American Civil War: The Blockade and the War at Sea

Back: Sherman's March through the Confederacy

The Blockage
Commerce Raiders
Battle of the Ironclads

The Blockage

One of the great ironies of the American Civil War was the Union blockade of Southern ports. In previous conflicts, the United States had stood firmly against the right of belligerent parties to impose a blockade on neutral shipping. The issue had even played a part in the outbreak of the War of 1812.

Now it was the United States that wanted to impose a blockade. President Lincoln very quickly declared a blockade against the main Confederate ports. To be a legal blockade (under the terms of an international treaty that the United States had not signed!), this blockade simply had to present a risk to shipping trying to enter those ports. This was fortunate for the Union, as when war broke out the United States navy was just as small as the army, and its ships were scattered around the world. Of those ships in American waters, ten were destroyed (or partially destroyed) to prevent them falling into Confederate hands when Virginian seceded, taking the Norfolk naval base with it.

Confederate diplomats spent much of their time attempting to convince European powers, especially Great Britain, to declare the blockade illegal. Their hope was that British industries dependence on Southern cotton would force the hands of the British government. In 1861 they were so convinced of the power of ‘King Cotton’ that the south imposed a cotton embargo, voluntarily cutting off its own best supply of money!

Ironically, the determined Confederate attempts to get Britain to declare against the blockade played a part in convincing her that the blockade was indeed effective. If it had been as leaky as the Confederates were claiming, then why make so much fuss?  Great Britain was perfectly happy to declare the Union blockade legal – the inconvenience to British trade was more than balanced by the invaluable precedent thus created.

The blockade of 1861 was indeed very leaky. Estimates suggest that only one in ten ships attempting to trade with the South was captured in the first year of the war. However, as the war progressed and the Union navy increased in size, the blockade became increasingly effective. By 1864 one in three ships were being captured, although even that ratio still left a good chance of profit for the owner of a blockade runner.

Despite claims to the contrary then and since, the blockade was effective. The number of ships entering southern ports was reduced by two thirds. Many of those ships were custom built blockade runners, capable of carrying much smaller cargos that their pre-war equivalents, so the actual amount of cargo carried must have been even smaller. The outgoing figures for cotton exports support this idea. In the three years before the war, ten million bales of cotton were exported from the south. In the three wartime years after the South lifted its own cotton embargo only half a million bales got out. While some of this was probably due to the disruption of the South’s poor transport network and the capture by the Union of ports such as New Orleans, it does demonstrate the effectiveness of the blockade.

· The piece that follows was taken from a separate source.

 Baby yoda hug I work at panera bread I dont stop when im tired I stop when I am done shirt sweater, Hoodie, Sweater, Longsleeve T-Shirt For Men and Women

Of course the best way to close a Southern port was to capture it. The United States Navy retained command of the seas around the Confederacy, despite repeated Confederate efforts to break that control (see below for the battle of the Ironclads). This meant that the Union could launch attacks on any Southern port that was not protected by a major Confederate army.

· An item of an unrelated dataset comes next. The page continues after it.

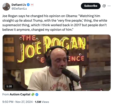 As as far as Obama's character, it was already in question. I agree completely with Joe Rogan.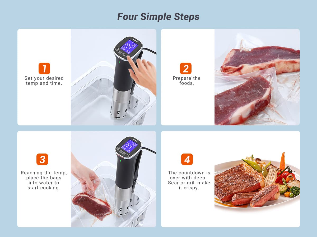 Combine the Sous Vide with the Otiv Vacuum Sealer and Smart Meat Thermometer for a fully automated, stress-free cooking experience.

At the start of the war, the Confederate states contained eight major ports capable of conducting a significant amount of trade. On the east coast were Norfolk, Wilmington, Charleston and Savannah and on the Gulf coast Pensacola, Mobile, New Orleans and Galveston.

Pensacola, Florida

The port of Pensacola nearly played a major role in the succession crisis. Only its isolated position at the western end of the Florida panhandle kept it out of the secessionist limelight. One of the four Federal bases still in Union hands when Lincoln became President was Fort Pickens, in Pensacola Bay (Fort Sumter at Charleston was another).

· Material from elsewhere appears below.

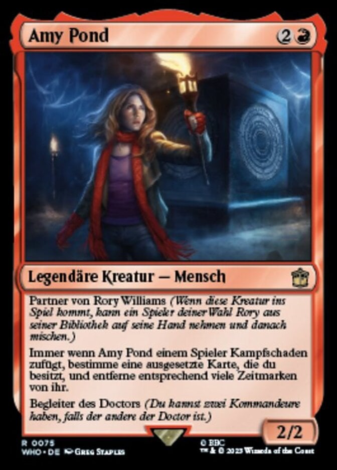 | Rules | Partner with Rory Williams (When this creature enters the battlefield, target player may put Rory into their hand from their library, then shuffle.) Whenever Amy Pond deals combat damage to a player, choose a suspended card you own and remove that many time counters from it. Doctor's companion (You can have two commanders if the other is the Doctor.) |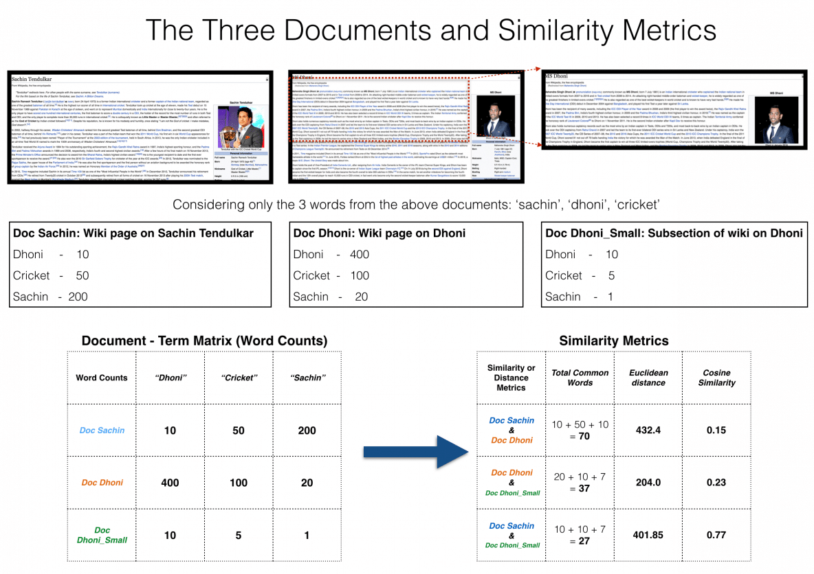 For ease of understanding, let’s consider only the top 3 common words between the documents: ‘Dhoni’, ‘Sachin’ and ‘Cricket’.

Fort Pickens was less vulnerable to Confederate attack than Sumter. The island could be safely reinforced or re-supplied without coming in range of land based guns. While the secession crisis developed further north, at Fort Pickens it was agreed that the Union navy would be allowed to ship in supplies but not reinforcements. This agreement held until March 15, when orders were given to send in reinforcements. The Fort was successfully held by Union forces through the war, blocking Pensacola.

New Orleans (April 1862)

New Orleans was the biggest city in the Confederacy and as the sea port of the Mississippi river was also the biggest port. Her defence should have been one of the Confederacy’s highest priority, but early in 1862 the majority of her defenders were sent north in a vain attempt to push back the Union advance into Kentucky and Tennessee. On 6-7 April those troops were part of the Confederate army defeated at Shiloh.

Behind them they left 3,000 militia and a fleet of gunboats. They took this risk because they were confident that Fort Jackson and Fort St. Philip, seventy-five miles down river from New Orleans, would be able to sink any invading fleet.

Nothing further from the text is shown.